* Given material:
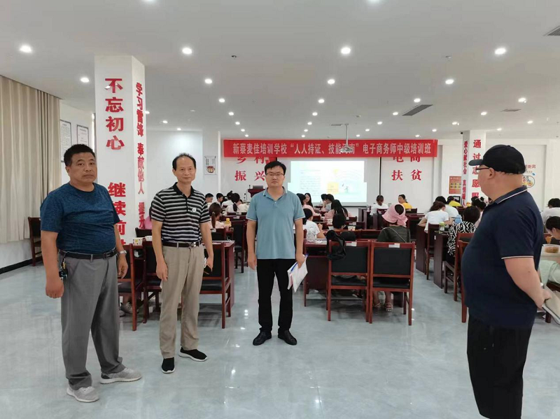 在新蔡县电子商务公共服务中心,曹献存教授一行与县科工信局副局长冯振龙、河南麦佳食品有限公司党支部指导员李超清书记、麦佳集团总经理翟志峰、麦佳电子商务公司总经理杨丽丽及电商运营团队进行了座谈交流。冯振龙副局长首先对曹经理一行的到来表示欢迎和感谢,并总结了近年来新蔡县科技特派员工作在实现脱贫攻坚和乡村振兴方面取得的成绩。随后李超清书记和杨丽丽总经理介绍了公司电商运营的基本情况和在直播电商方面的工作打算,曹献存教授就企业在直播电商人才培训、团队管理运营、电商数据分析等方面进行了培训与指导,最后,曹献存经理一行对供应链软件开发、新蔡县电子商务公共服务中心“人人持证,技能河南”电子商务技能培训项目进行了考察指导。
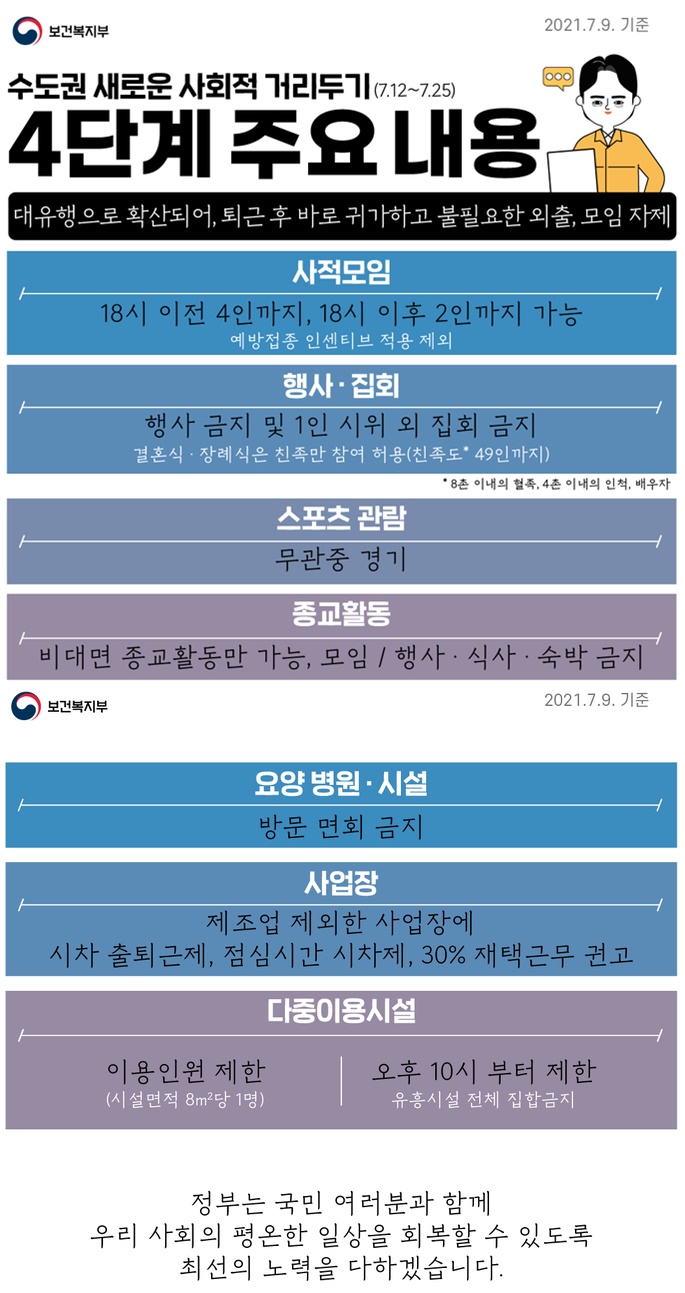 1) 수도권의 새로운 거리두기 4단계 지역은 7월 12일(월) 0시부터 7월 25일(일) 24시까지 4단계 조치 외 추가로 방역수칙을 적용한다.
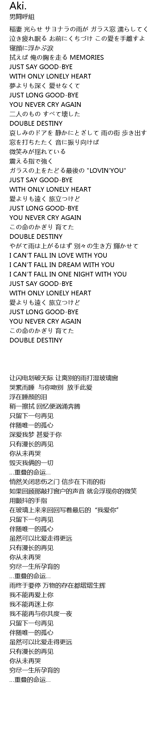 | [03:03.33] | YOU NEVER CRY AGAIN |
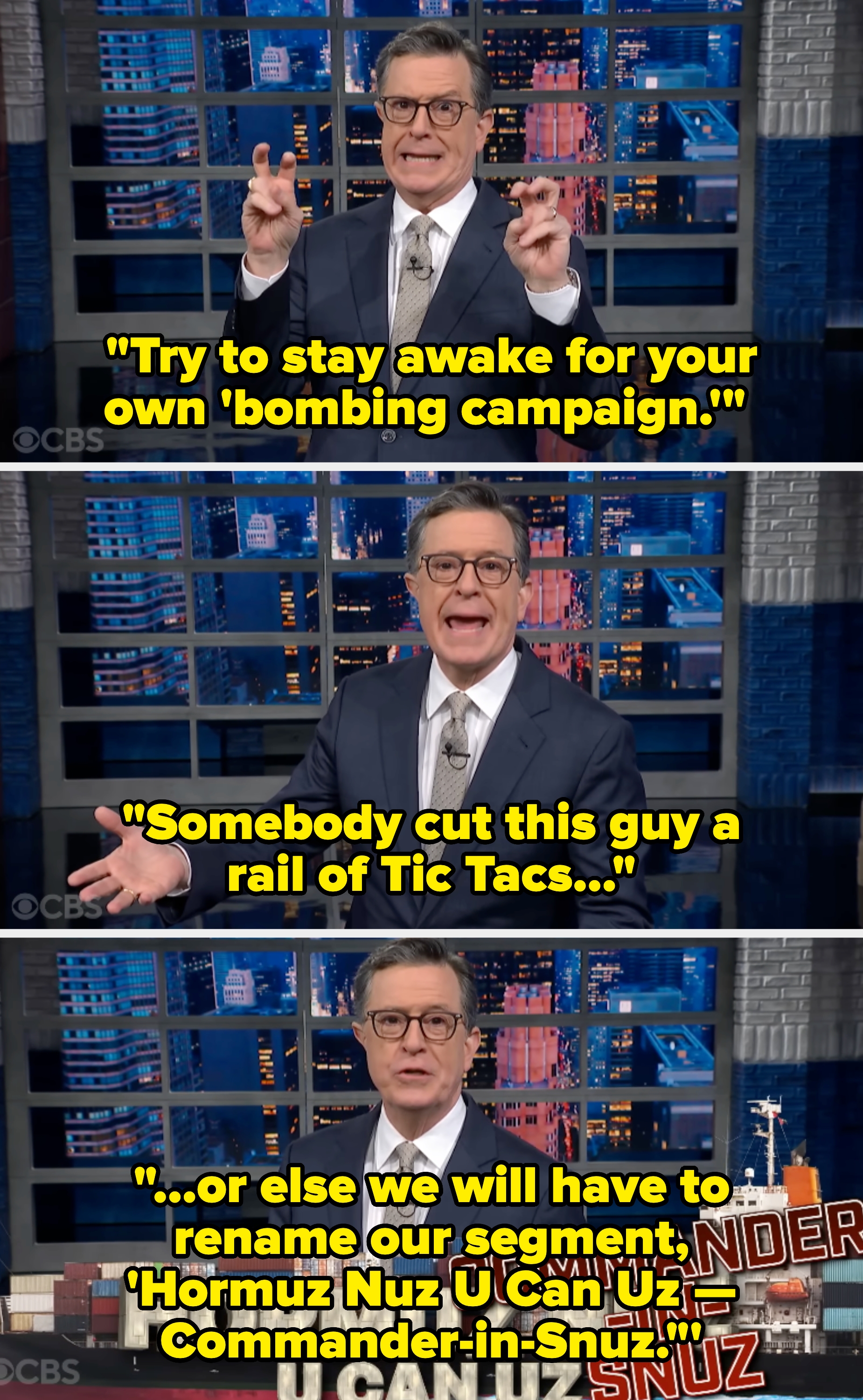 "This is absolutely the dumbest timeline. We're gonna miss you Stephen." If you must know, I based my entire personality on Seasons 2-5 of "Girls," and I'm a huge gamer. The Associated Press reports that the shipping traffic in "the Strait of Hormuz, a waterway for global oil and gas transport that supplies roughly one-fifth of the world's crude oil, has been halted since early March, after the war started. About 20 vessels have been attacked in the area."

* Exercise goal: Please write the data out again exactly, but do not carry over the pictures.

* Problem solution:
 在新蔡县电子商务公共服务中心,曹献存教授一行与县科工信局副局长冯振龙、河南麦佳食品有限公司党支部指导员李超清书记、麦佳集团总经理翟志峰、麦佳电子商务公司总经理杨丽丽及电商运营团队进行了座谈交流。冯振龙副局长首先对曹经理一行的到来表示欢迎和感谢,并总结了近年来新蔡县科技特派员工作在实现脱贫攻坚和乡村振兴方面取得的成绩。随后李超清书记和杨丽丽总经理介绍了公司电商运营的基本情况和在直播电商方面的工作打算,曹献存教授就企业在直播电商人才培训、团队管理运营、电商数据分析等方面进行了培训与指导,最后,曹献存经理一行对供应链软件开发、新蔡县电子商务公共服务中心“人人持证,技能河南”电子商务技能培训项目进行了考察指导。
 1) 수도권의 새로운 거리두기 4단계 지역은 7월 12일(월) 0시부터 7월 25일(일) 24시까지 4단계 조치 외 추가로 방역수칙을 적용한다.
 | [03:03.33] | YOU NEVER CRY AGAIN |
 "This is absolutely the dumbest timeline. We're gonna miss you Stephen." If you must know, I based my entire personality on Seasons 2-5 of "Girls," and I'm a huge gamer. The Associated Press reports that the shipping traffic in "the Strait of Hormuz, a waterway for global oil and gas transport that supplies roughly one-fifth of the world's crude oil, has been halted since early March, after the war started. About 20 vessels have been attacked in the area."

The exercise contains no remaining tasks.